Cuando Buda luchó contra la discriminación y nosotros la camuflamos como "estilo de vida"
A menudo recordamos a Siddharta Gautama, el Buda histórico, como un sabio sentado bajo un árbol, absorto en meditaciones metafísicas. Pero reducir su figura a la de un filósofo contemplativo es olvidar su esencia más radical: Buda fue un maestro de la vida justa y un revolucionario social. En una India dominada por el rígido sistema de castas (varna), donde el nacimiento determinaba el valor humano, él se atrevió a decir lo impensable: que la nobleza no reside en la sangre, sino en las acciones.
Su Sangha (comunidad monástica) fue el primer experimento de igualdad real documentado. Allí, brahmanes y barrenderos compartían el mismo cuenco, dormían bajo el mismo techo y buscaban la misma liberación. Buda rechazó los sacrificios rituales que oprimían al pueblo y denunció la arrogancia de las clases altas. Su lucha no era solo espiritual; era ética, política y profundamente humana.
Hoy, cuando leemos sobre la discriminación de castas en la India, sentimos una mezcla de indignación y superioridad moral. Nos escandaliza que alguien sea juzgado por su apellido o su origen familiar. Y es cierto: la Constitución india prohíbe esta discriminación desde 1950, aunque el arraigo cultural milenario haga que su erradicación sea lenta y dolorosa.
Pero, ¿somos tan diferentes? Nos sorprendemos de sus muros visibles, pero ignoramos los nuestros invisibles. En Occidente, y prácticamente en todo el mundo globalizado, la discriminación de clase no solo existe; está sofisticada, camuflada bajo términos respetables como "mérito", "afinidad" o "estilo de vida".

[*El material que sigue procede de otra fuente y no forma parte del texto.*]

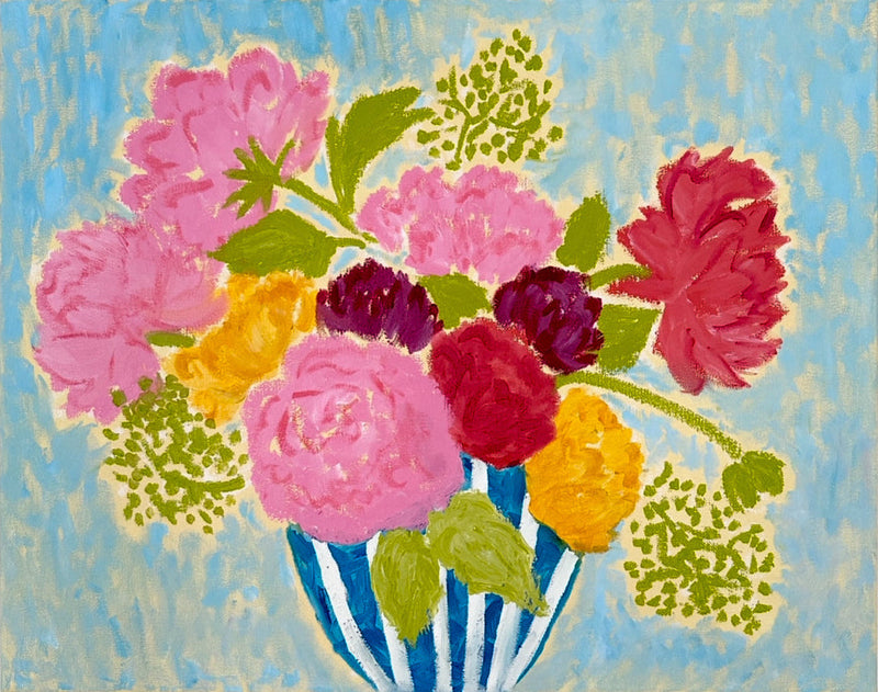 "Flowers In A Striped Vase", 2025 | oil stick and oil on canvas, 40 x 50cm.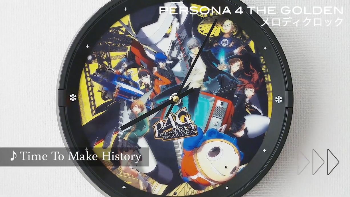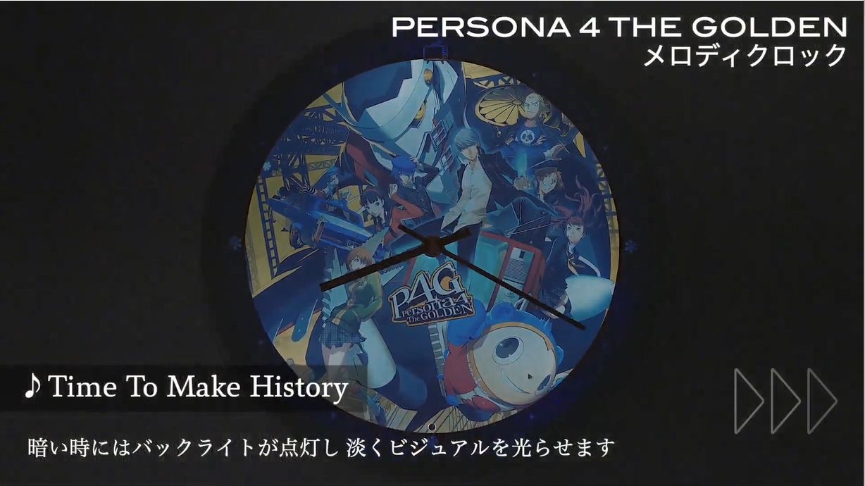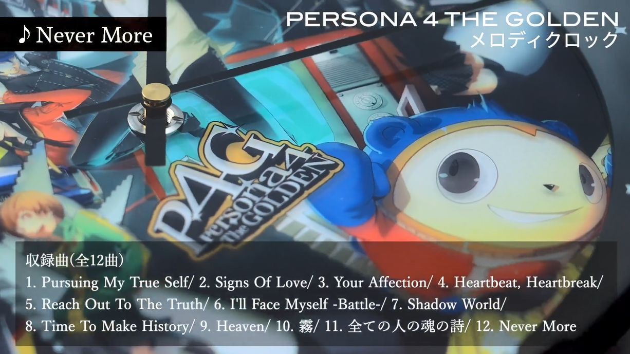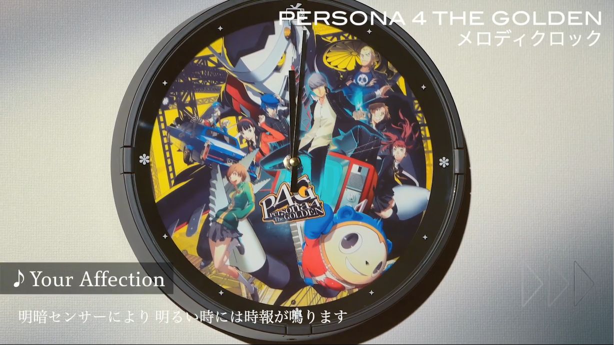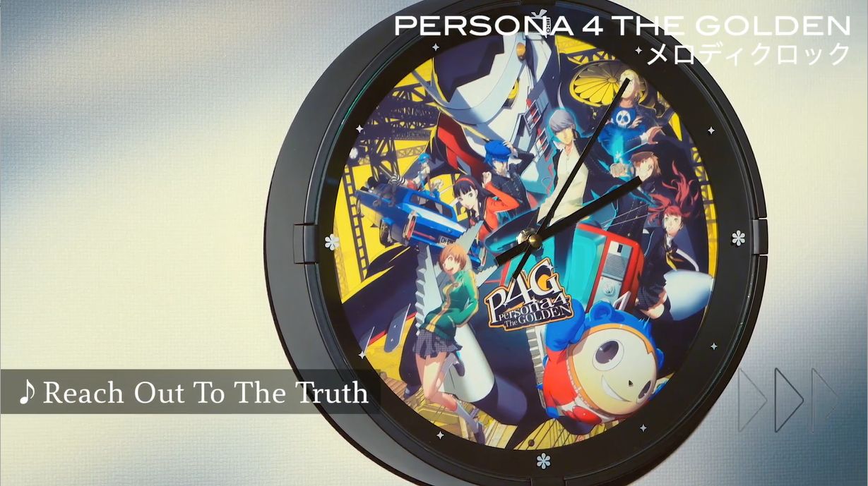 《女神异闻录4:黄金版》旋律时钟中内置了《Never More》、《Reach Out To The Truth》、《Your Affection》等12首经典曲目,与之前《P3P》的时钟规格相同,也可以通过明暗感应器在白天播放音乐报时,夜晚自动打开柔和的背景灯。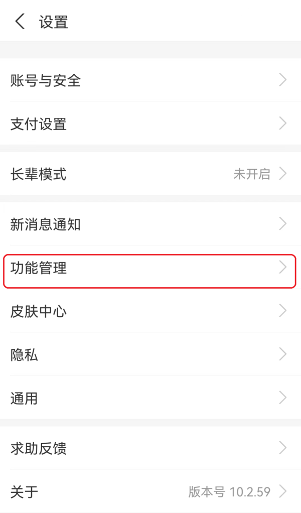 2、进入到支付宝的设置界面当中后,找到【功能管理】界面,并点击进入。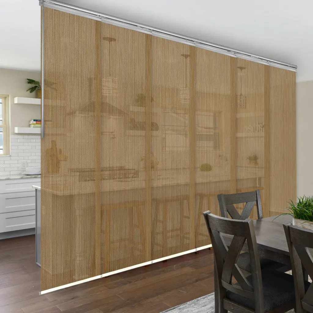 Central Design Products is pleased to introduce a new innovative panel track that offers easy 2-way installation, adding an alluring style and refined touch to your home decor. The single rail design of the track is sleek, compact, and reduces the overall footprint and weight of the installation, eliminating bulky, intrusive window treatments. Adjusting the panel height is a breeze � simply trim the panel, re-attach the liner, and install the panel weight. Detailed instructions are included.The panel track also features a patented slider design, made with aluminum and fitted with bearings that allow for durable and smooth operation. The sliders are stacked closer together than conventional panel tracks, reducing light bleed coming from the gaps between panels. This track has endless uses from dividing rooms, garages, offices, and closets to decorating windows and patios. Available in larger sizes including 8, 10, and 12 panels. Extends from 98-130� wide. Each panel measures 23.5" wide and 116" tall, with a total installation height of 118.5" (includes the 2.5" rail track). The track can be wall or ceiling mounted. The panels can stack on the left or the right. The clearance from the wall is extendable from 1.25� to 3.25� and projection from the wall is extendable from 3� to 4.25�. Anders panel is made from 80% Vinyl 20% Polyester, with a light filtering shade that blocks 40% of the light.
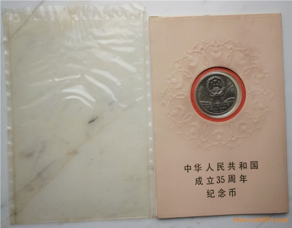 “建國35周年”開國大典(國徽朝外)裝幀卡,是中后期的產品,您稱呼為“半精制”是相對于精制幣而言,而您并沒有找到您認可的上海版精制幣。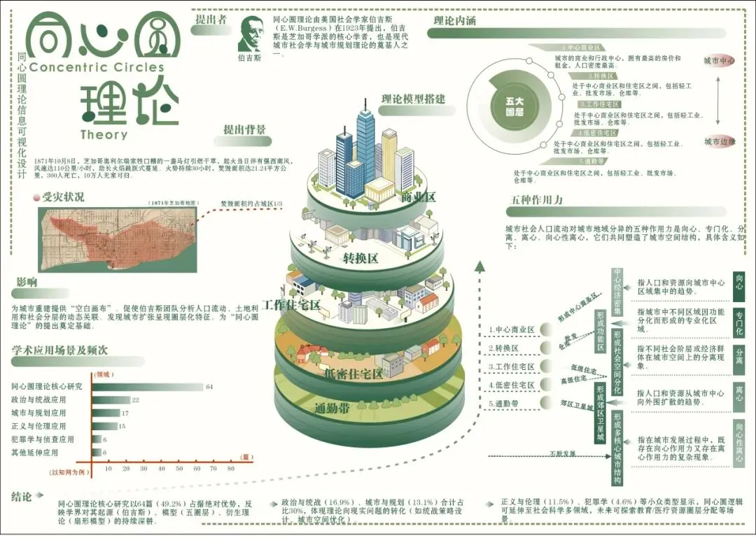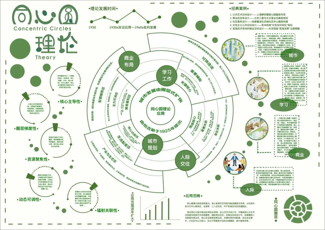 本作品以同心圆理论的多维应用与价值阐释为设计主题,聚焦伯吉斯1925年提出的同心圆理论,通过信息可视化形式,将抽象的圈层发展逻辑转化为直观视觉语言,展现理论从学术概念到城市规划、商业空间布局、人际交互空间等领域的落地应用。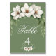 Elegant White Magnolia Winter Wedding Pine Tree Table Number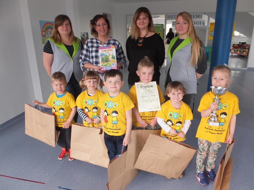 W dniu 21 kwietnia dzieci z naszego przedszkola zostały zaproszone do międzyprzedszkolnego konkursu ekologicznego. Podczas licznych konkurencji dzieci wykorzystywały swoją wiedzę ekologiczną. Panowała zgodna rywalizacja i radość ze wspólnej zabawy. Punktem kulminacyjnym konkursu było ogłoszenie wyników i rozdanie nagród. Nasze Przedszkolaki zajęły I miejsce Brawo MY!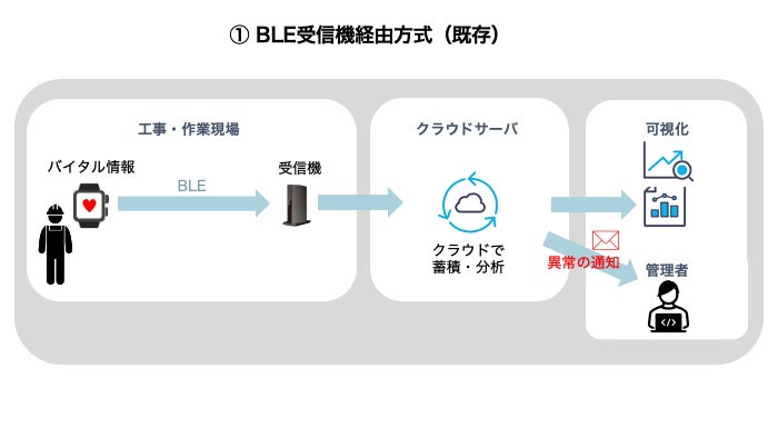 専用のBLE(Bluetooth Low Energy)受信機を設置し、特定エリア内で活動する複数作業員のバイタルデータを集約してクラウドへ送信する方式です。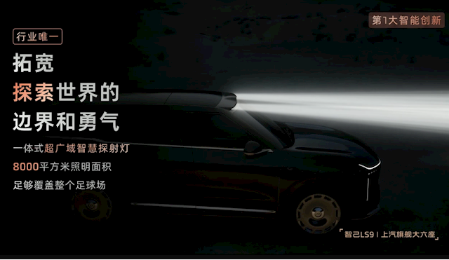 和在售的智己系列车型不同,LS9采用全新的设计语言,封闭式前格栅搭配前发动机舱盖隆起的多条筋线,营造了肌肉感和力量性,车头星环式贯穿灯带,搭配两侧T字形灯组,强化辨识度,行业首创一体式超广域智慧探射灯,最大8000㎡照明面积。
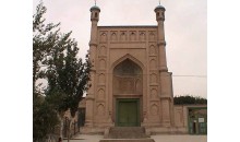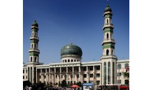 汗騰格里寺位于市南門。因寺院地處南門,故得名南門大寺。1902年進(jìn)行過重建,1987年前,在原來南關(guān)清真寺的基礎(chǔ)上又加以擴(kuò)建,改用今名“汗騰格里”(王中之王的意思),是市內(nèi)較大的維吾爾族清真寺之一。重建后的大寺,位于南門臨街,坐西向東,外觀壯麗,造型美觀,四座高大尖塔,簇?fù)碇虚g的大圓屋頂,兩側(cè)另有兩個小圓頂陪襯,具有濃郁而典雅的伊斯蘭建筑風(fēng)格。
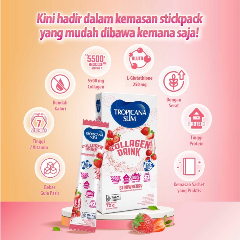 TROPICANA SLIM COLLAGEN DRINK STRAWBERRY STICK6 SACHET) - KOLAGEN BEBAS GULA DENGAN GLUTATION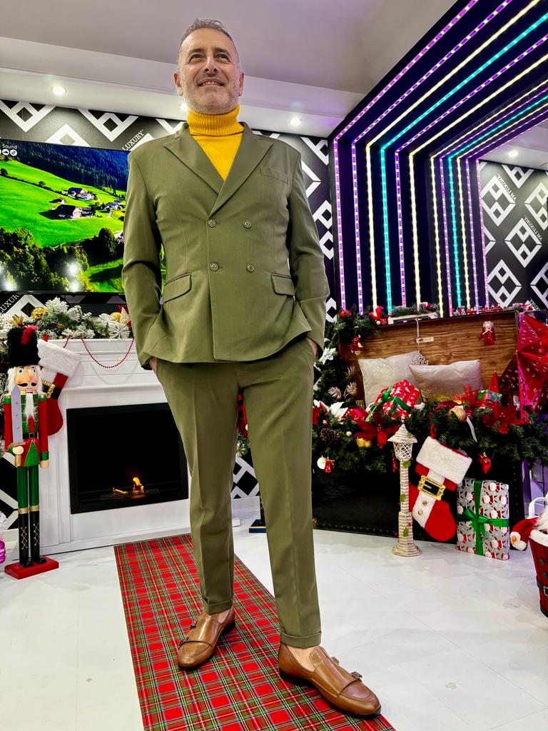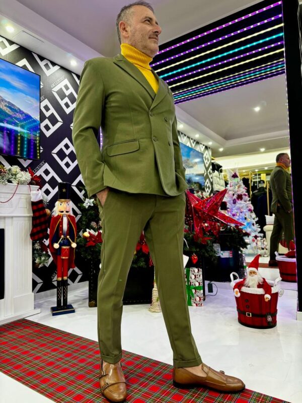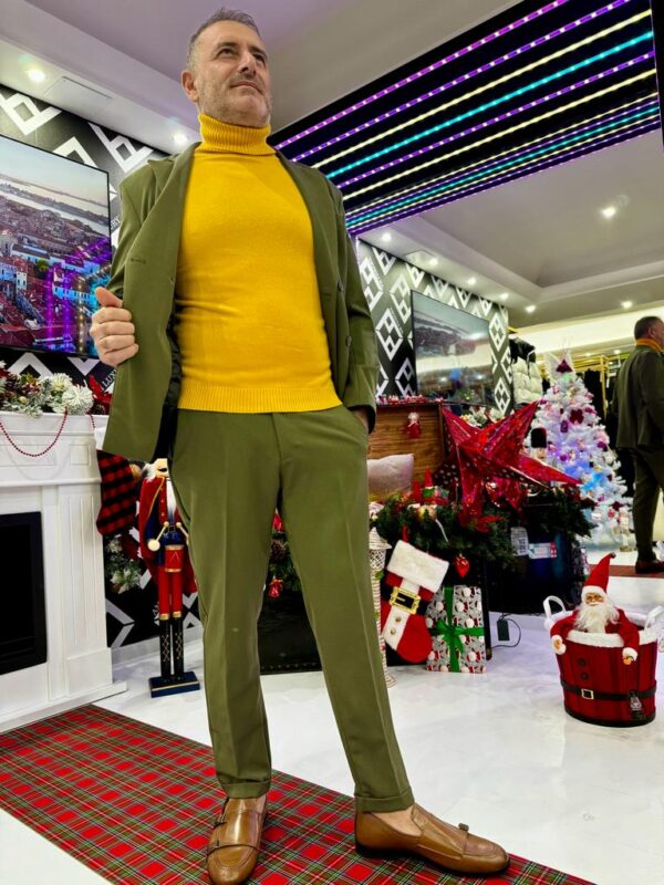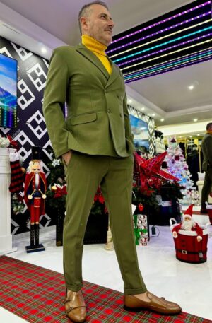 Questo abito da uomo verde, dal taglio doppio petto, incarna l’eleganza senza tempo. Realizzato in tessuto di alta qualità, il colore verde conferisce un tocco distintivo. Il design doppio petto aggiunge sofisticazione, mentre la vestibilità attenta alla silhouette offre un aspetto raffinato e moderno. Con dettagli curati come bottoni dorati, questo abito è l’emblema di stile e classe.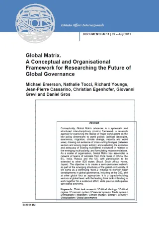 Documento preparato da un network inizialmente composto da Centre for European Policy Studies (CEPS), Istituto affari internazionali (IAI), Fundación para las relaciones internacionales y el diálogo exterior (FRIDE), Fudan University, Johns Hopkins University Washington, Delhi Policy Group e Carnegie Moscow Center. Pubblicato anche in CEPS Working Documents, No. 355 (July 2011).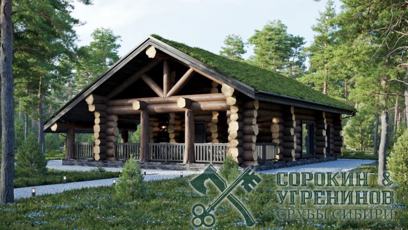 Эксклюзивный банный комплекс, сруб бани рубленый из бревна кедра большого диаметра 450мм, общей площадью 182,6м2. Размер сруба 9х15 метров по осям. Баня с мансардной крышей, и с антресолью. Просторная парная, помывочная, санузел, тамбур, гардеробная, комната отдыха и большая веранда, топочная с отдельным входом. зона барбекю. Баня проектировалась для базы отдыха санаторного типа, кровля на данном проекте была реализована живая, земляная с травой.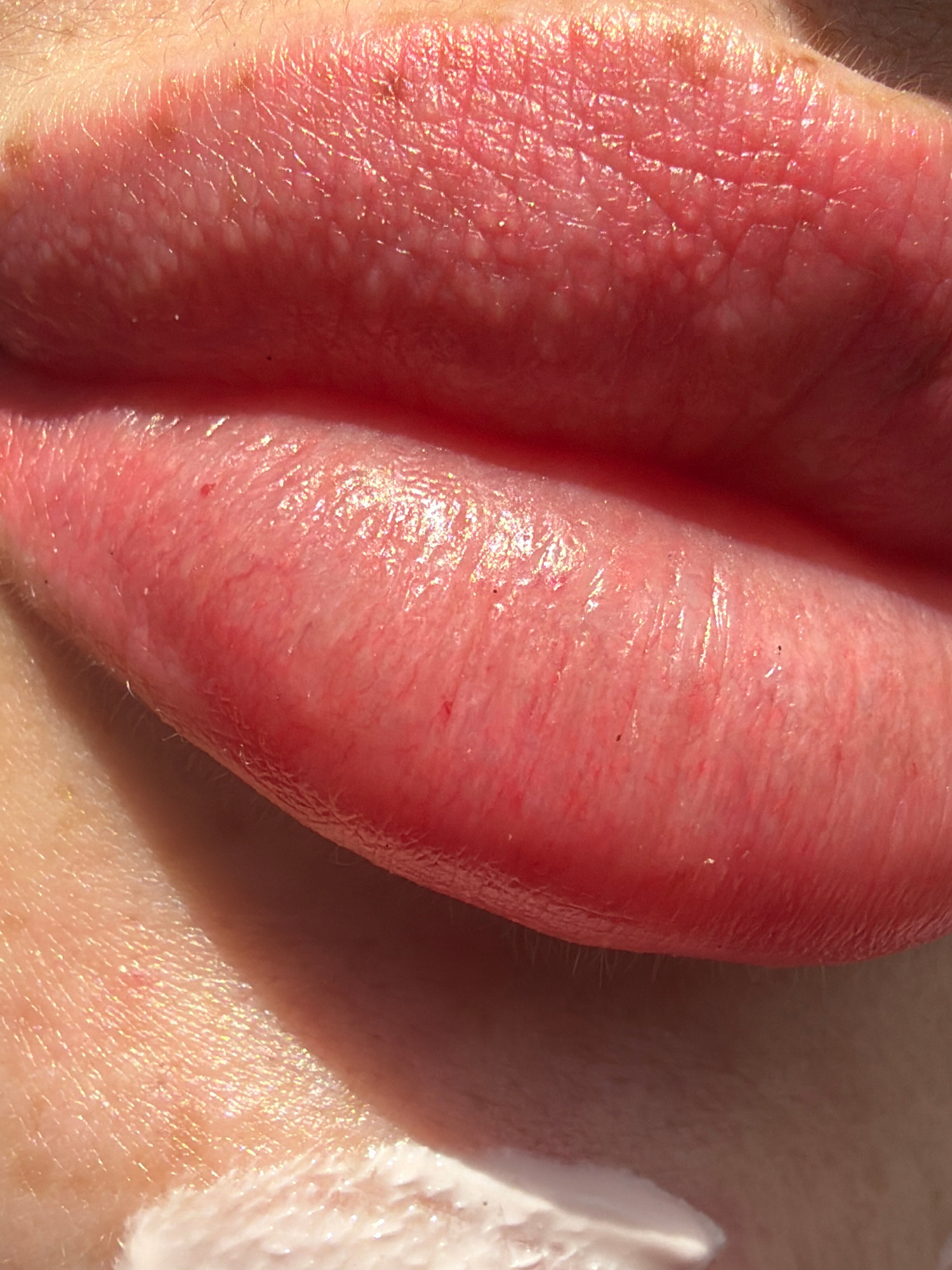 The image shows a close-up of what appears to be human skin, potentially part of a lip or skin fold. The skin is pinkish-red and textured, with visible pores and fine lines. There are small white dots…read more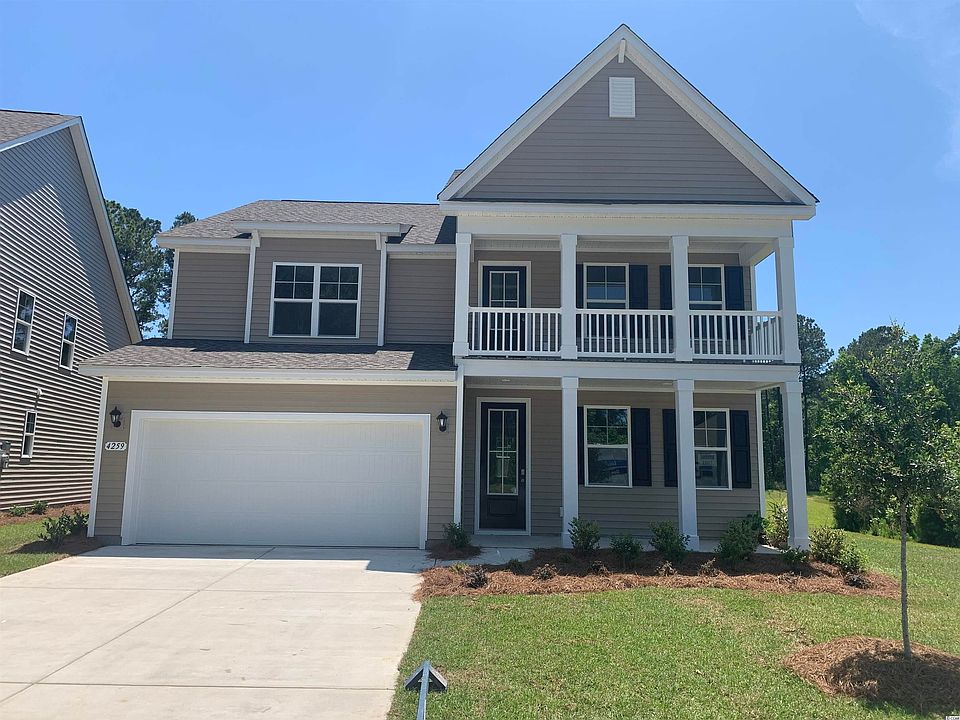 Hidden Brooke is a beautiful community with an amenity that includes a pool with large deck area, clubhouse, and exercise room. Minutes away from Highway 31 which provides quick and easy access to all of the Grand Strand's offerings: dining, entertainment, shopping, and golf! Tranquil setting just a short drive to the beach. This popular Harbor Oak plan functionality and style together! Incredible curb appeal is an understatement given the stacked front porches and tall entry door with glass. Once inside, laminate wood floors flow throughout the main living areas creating an inviting space and numerous windows bring in fantastic natural light. Off the entry is a spacious flex room that would make the perfect home office or formal dining room. The large gourmet kitchen boasts white painted cabinetry, granite countertops, an oversized island, stainless Whirlpool appliances including a gas range, and a beautiful Butler's pantry right across from the walk-in pantry. Spacious bedroom and full bathroom on the first floor are great for guests visiting you at the beach. Upstairs you will find the grand primary bedroom suite with a cozy sitting room, huge walk-in closet, and en suite bath with large separate vanities, linen closet, and tile shower! Two additional bedrooms, a hall bathroom with a double vanity, and a great loft space with lots of storage complete the upstairs. This home will also feature an extended garage and a spacious rear screen porch. *Photos are of a similar Harbor Oak home. (Home and community information, including pricing, included features, terms, availability and amenities, are subject to change prior to sale at any time without notice or obligation. Square footages are approximate. Pictures, photographs, colors, features, and sizes are for illustration purposes only and will vary from the homes as built. Equal housing opportunity builder.)

No necesitamos etiquetas religiosas para segregarnos. Basta con observar:
Nos gusta creer que vivimos en sociedades abiertas donde cualquiera puede llegar lejos si se esfuerza. Pero la realidad muestra que cada persona tiende a relacionarse casi exclusivamente con los de su "clase". La movilidad social es una excepción estadística, no la norma. Y lo más grave: hemos normalizado esta exclusión hasta el punto de no verla.
Mientras en la India la discriminación tiene un nombre claro (casta), en Occidente la hemos privatizado. No hay leyes que prohiban la mezcla, pero hay mecanismos sutiles de exclusión: el precio de la vivienda, el código de vestimenta implícito, el acceso a redes de contacto privilegiadas. El resultado es el mismo: una humanidad fragmentada en compartimentos estancos donde la empatía muere asfixiada por la distancia social.
Si Buda caminara por nuestras ciudades, probablemente no se sorprendería. Vería cómo seguimos construyendo jerarquías basadas en la posesión y el estatus. Vería cómo el miedo a "mezclarnos" nos mantiene atrapados en burbujas de confort moral. Y nos recordaría que la liberación espiritual es imposible sin justicia social.
No se puede meditar en la compasión universal mientras se vive en la exclusión sistemática. No se puede hablar de interconexión budista mientras se levantan muros invisibles alrededor de nuestros barrios, nuestras escuelas y nuestros corazones.
Reconocer nuestras propias castas invisibles no es un acto de culpa, sino de lucidez. Es el primer paso para dejar de perpetuarlas. Buda nos enseñó que la transformación comienza por uno mismo: cuestionando nuestros prejuicios, ampliando nuestros círculos, escuchando a quienes nuestra sociedad ignora.
Quizás la práctica budista más revolucionaria hoy no sea sentarse a meditar en silencio, sino atreverse a cruzar esas líneas invisibles que nosotros mismos hemos trazado. Atreverse a mirar a los ojos a quien nuestra "clase" nos enseña a ignorar. Porque al final, la única casta que importa es la de la humanidad compartida. Y esa, amigos míos, no tiene fronteras.